Американские рассказы и повести в жанре "ужаса" 20-50 годов, стр. 4

Вард сразу понял, что обнаружил неизвестного прапрадеда. Открытие взволновало его вдвойне, потому что ему уже приходилось слышать кое-что о Карвене и находить среди старых текстов неясные намеки, относящиеся к этой загадочной личности, о которой почти не сохранилось доступных сведений; отдельные документы обнаружены лишь недавно. Создавалось впечатление, что существовал какой-то заговор, имевший целью полностью изгнать из памяти жителей города имя Карвена. Но дошедшие до нас устные свидетельства и сохранившиеся бумаги казались настолько странными и даже пугающими, что невольно будили желание разобраться, что на самом деле так упорно пытались вычеркнуть из своих анналов и предать вечному забвению составители городских хроник колониальных времен — надо полагать, у них имелись достаточно веские причины.

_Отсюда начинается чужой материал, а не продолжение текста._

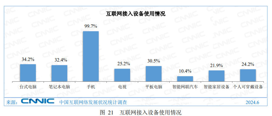 我國(guó)網(wǎng)民使用手機(jī)上網(wǎng)的比例達(dá)99.7%;使用臺(tái)式電腦、筆記本電腦、電視和平板電腦上網(wǎng)的比例分別為34.2%、32.4%、25.2%和30.5%;使用智能網(wǎng)聯(lián)汽車(chē)、智能家居設(shè)備和個(gè)人可穿戴設(shè)備上網(wǎng)的比例分別為10.4%、21.9%和24.2%,其中,使用智能網(wǎng)聯(lián)汽車(chē)上網(wǎng)的網(wǎng)民規(guī)模達(dá)到1.15億人。
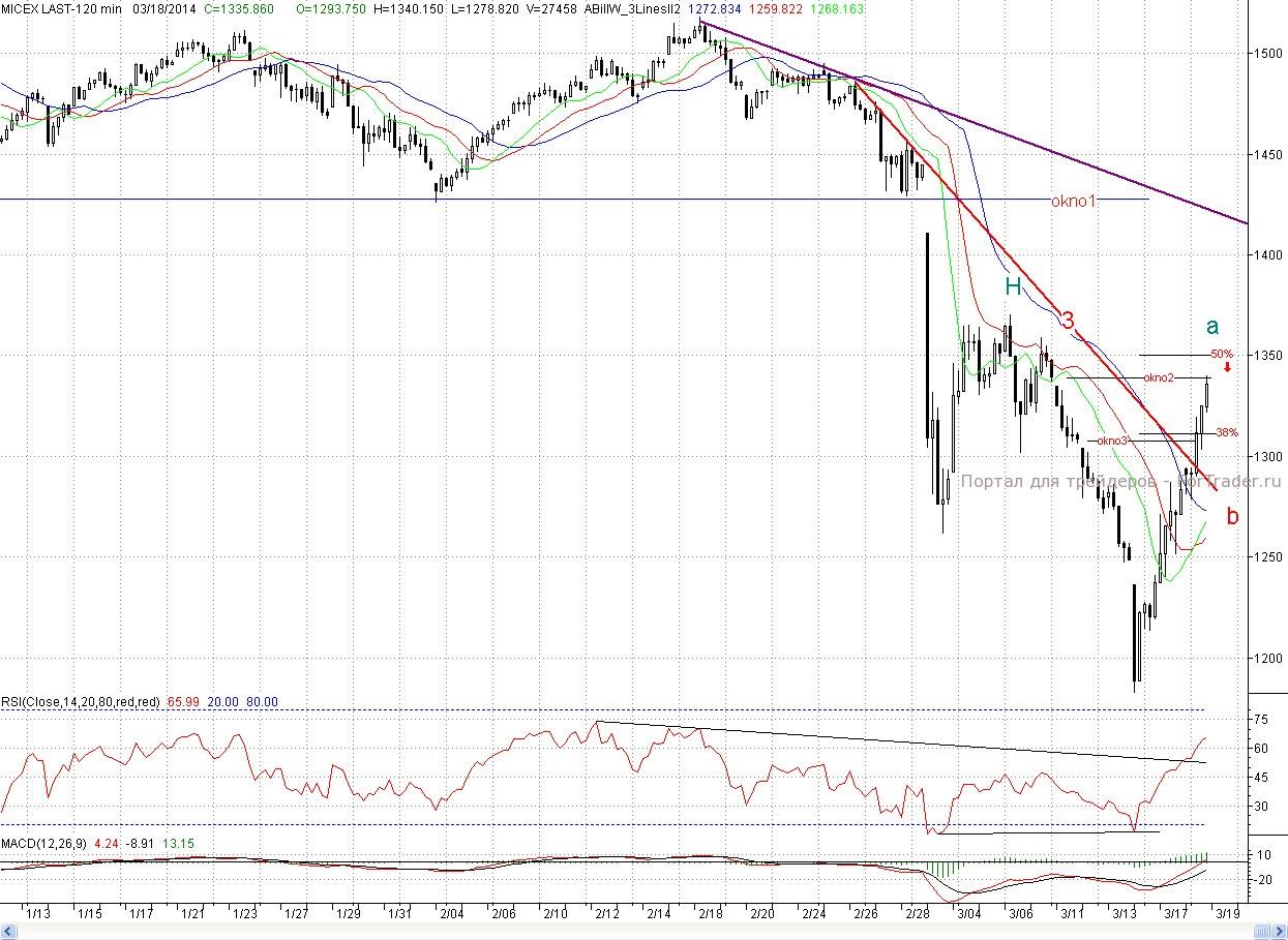 Исследуя 2-часовой график индекса ММВБ видим, что на позитивном внешнем фоне открывшись с небольшим гэпом вверх, дальнейшего роста сразу не последовало. Но после обеда, оптимизм в преддверии выступления президента РФ Путина В.В. по ситуации в Крыму стал преобладать, и покупки возобновились.

До своего открытия Чарльз относился к Карвену с чисто романтическим интересом; но выяснив, что состоит в родстве с таинственным субъектом, само существование которого хотели утаить, он начал систематические поиски, буквально выкапывая все, что связано с этим человеком. В своем лихорадочном стремлении узнать как можно больше об отдаленном предке, Чарльз преуспел больше, чем даже надеялся, ибо в старых письмах, дневниках, мемуарах, так и оставшихся в рукописи, найденных им на затянутых густой паутиной чердаках древних домов Провиденса и в других местах, содержалось множество сведений, которые в то время не сочли настолько важными, чтобы скрыть их. Дополнительный свет пролили важные документы из такого далекого от Провиденса города, как Нью-Йорк, где в музее Френсис Таверн на Лонг-Айленде хранилась переписка колониального периода. Но решающей находкой, которая по мнению доктора Виллета послужила главной причиной перерождения Чарльза Варда, стали бумаги, обнаруженные в августе 1919 года за облицовкой полуразрушенного дома в Олни Корт. Именно они открыли перед ним путь к черной бездне глубочайшего падения.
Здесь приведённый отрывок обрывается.